The state of Ohio relinquishes $9.1 billion in revenue to 134 tax breaks. Some – like the sales tax break for prescription drugs – help many Ohioans. However, many of the state’s tax breaks benefit private companies, siphoning resources that could fund public schools, child care or treatment for people struggling with addiction.
Between 2012 and 2021, the value of state revenue forgone to tax breaks will grow by an estimated 17.7 percent, adjusted for inflation. Meanwhile, state spending on education, local governments and many human services has fallen.
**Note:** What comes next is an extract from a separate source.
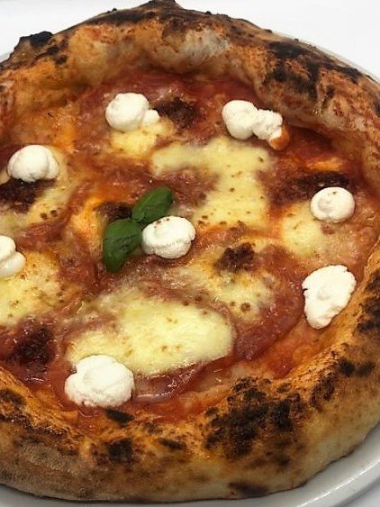 Tomatensaus, Mozzarella Fiordilatte, N’duja (pittige Italiaanse versie van ossenworst uit Calabrië), Salami ventricina, Ricotta, Extra Vergine Olijfolie

Today Ohio ranks near the bottom of states on key measures of quality of life like health of the population, investment in early education and affordability of college.
“Governor DeWine’s budget has some encouraging plans, especially when it comes to investing in Ohio’s children,” said Policy Matters Senior Project Director Wendy Patton. “Closing some of these loopholes could help raise the revenue we need to do that.”
Policy Matters’ recommendations include:
- Tightening and trimming the vendor discount which costs the state $58.7 million a year and mostly benefits large retailers by giving them a tax break for collecting sales tax.
- Reining in the tax break for drug distributors that costs Ohio $169 million a year and gives qualified distribution centers a break on their Commercial Activity Taxes when they ship products out of state.
- Repealing a $13.8 million a year sales tax break for people who buy timeshares in jet planes that helps wealthy buyers.
- Eliminating a tax break for investing in precious metals and coins that costs $5 million a year and was championed by a lawmaker who directly benefitted from it.
“The tax breaks we’ve identified are not only draining Ohio’s coffers, but do very little for the larger public good,” Patton said. “As lawmakers look for ways to fund their priorities, these tax breaks offer low-hanging fruit.”